We concluded Altiris could not control the overall market and, as you know, the software sector has been under a significant amount of pressure, especially in recent weeks. Based on all our due diligence as well as working with the brightest minds in the industry, trying to conclude and forecast where we thought the market should be… we concluded to move forward just based on our overall performance. We’ve had two years of 200% plus growth and nine sequential quarters of quarter-over-quarter growth and felt it was necessary for the company to go to the next level.
We were the first software company to go out in 2002, and we’re somewhat swimming upstream because many of the software companies have struggled. But it has also worked to, I believe, our advantage given the fact that in poor economic conditions and difficult software sector times Altiris has had record growth. And so we are getting the attention of portfolio managers and bankers and all types of people that otherwise we might not had the market been extremely strong. .
Many companies’ sales in the software sector are flat or down. Altiris has had substantial growth so based on that growth we feel there’s a competitive advantage for us to go out now. And to grow and take market share versus sitting back, waiting for the market and not having those funds, not having that visibility, we felt at some point you need to put the stake in the ground…and start moving forward. It was to our advantage to do this now versus wait for unknowns.
What’s pressuring the stock since as it has lagged under its offer price?
I would say the biggest drag that we’re experiencing now as a company is just based on the fact that we are in a sector where many people are struggling.

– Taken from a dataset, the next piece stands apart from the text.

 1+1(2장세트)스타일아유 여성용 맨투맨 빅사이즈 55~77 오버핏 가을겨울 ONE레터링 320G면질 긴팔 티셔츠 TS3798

And as result…there might be some skepticism that a little unknown private company actually has the ability to do a forecast that they’re going to be able to do.
I think Altiris is unique in that we provide solutions that lower the total costs of information technology ownership, and so when multiple software companies are struggling because their revenues are based on new projects, what we’re finding is monies spent in poor economies are…spent to make existing technologies work. That’s what Altiris does. We reduce or lower the total costs of IT ownership so we provide a value proposition that is good in any economy.

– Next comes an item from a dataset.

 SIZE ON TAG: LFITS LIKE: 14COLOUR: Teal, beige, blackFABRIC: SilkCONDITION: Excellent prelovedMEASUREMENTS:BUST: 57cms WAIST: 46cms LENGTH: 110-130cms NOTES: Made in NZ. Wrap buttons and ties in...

What was the market doing in May that encouraged your underwriters to say, ‘This is the right time to price’?
The goal was to take the company out before the Q2 timeframe. Before we actually filed there was actually one large financial institution that downgraded the overall sector, software specifically, and since that timeframe it has come off a little bit. We set a range that we felt was a fair valuation for the company and there was significant demand. We were well oversubscribed, and it was in the range we were looking to attract so that’s why we went out.
You priced at the bottom of the range. Do you think the timing was appropriate considering that price?
I wish we had a crystal ball and we could say, you know if we had waited three months or five months it would have been better’. Reality is we felt we got a fair valuation for the company, the cash is on the balance sheet, and we believe that we can’t control the market but we’ll continue to perform. Hopefully as we perform, the stock will follow our performance.